Here are some examples of things that get you an allowance — that is, they decrease the amount of tax withheld from your paycheck:
• Having a spouse
• Having kids
• Filing as head of household on your tax return
• Planning to take the Child and Dependent Care Credit


HOW TO MAKE SURE YOUR W-4 DOESN'T STING YOU IN APRIL
It is easy to just throw a couple of numbers onto your W-4 and be done with it, but rushing might come back to bite you later. Here are a few things to remember. Take a conservative approach when you claim allowances, it is easier to get a slightly larger refund in April rather than owe.
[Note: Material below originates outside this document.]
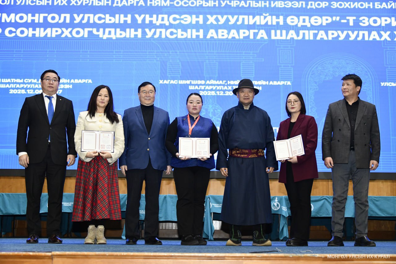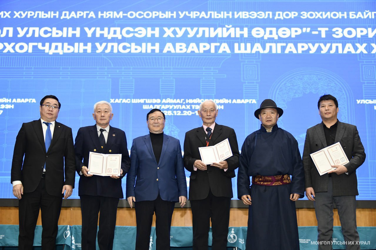 Энэ удаагийн шагналыг Монгол Улсын Их Хурлын гишүүн О.Амгаланбаатар, Улсын Их Хурлын Тамгын Тэргүүн дэд дарга П.Батбаатар, Монголын шатрын холбооны ерөнхий нарийн бичгийн дарга Б.Эрдэнэбилэг нар гардууллаа.

FILE A NEW W-4 AT WORK WHEN LIFE CHANGES
A w-4 is not a set it and forget it type of thing. If any of these events happen to you during the year, update your W-4 so your withholdings reflect your new tax situation:
• You get married or divorced
• You have a kid
• You buy a house
• You take a pay cut or receive a big raise
• You work only part of the year
• You have a lot of dividend income
• You or your spouse freelance on the side


You’ll receive a W-4 when you start a job, but you can change your W-4 any time. Just download it from the IRS website, fill it out and give it to your payroll team. The IRS requires employers to put your new W-4 into effect by the start of the first payroll period ending 30 or more days after you turn it in.


BE WILLING TO FIDDLE WITH YOUR WITHHOLDINGS
Once you have figured out the sweet spot for your tax situation then you can adjust your w-4 based on your tax goals. If you want a big refund then reduce your allowances by a one or two. If you don’t want the government to have your money then increase your allowances by one or two. Compare from paystub to paystub to determine the net effect before you get to the end of the year.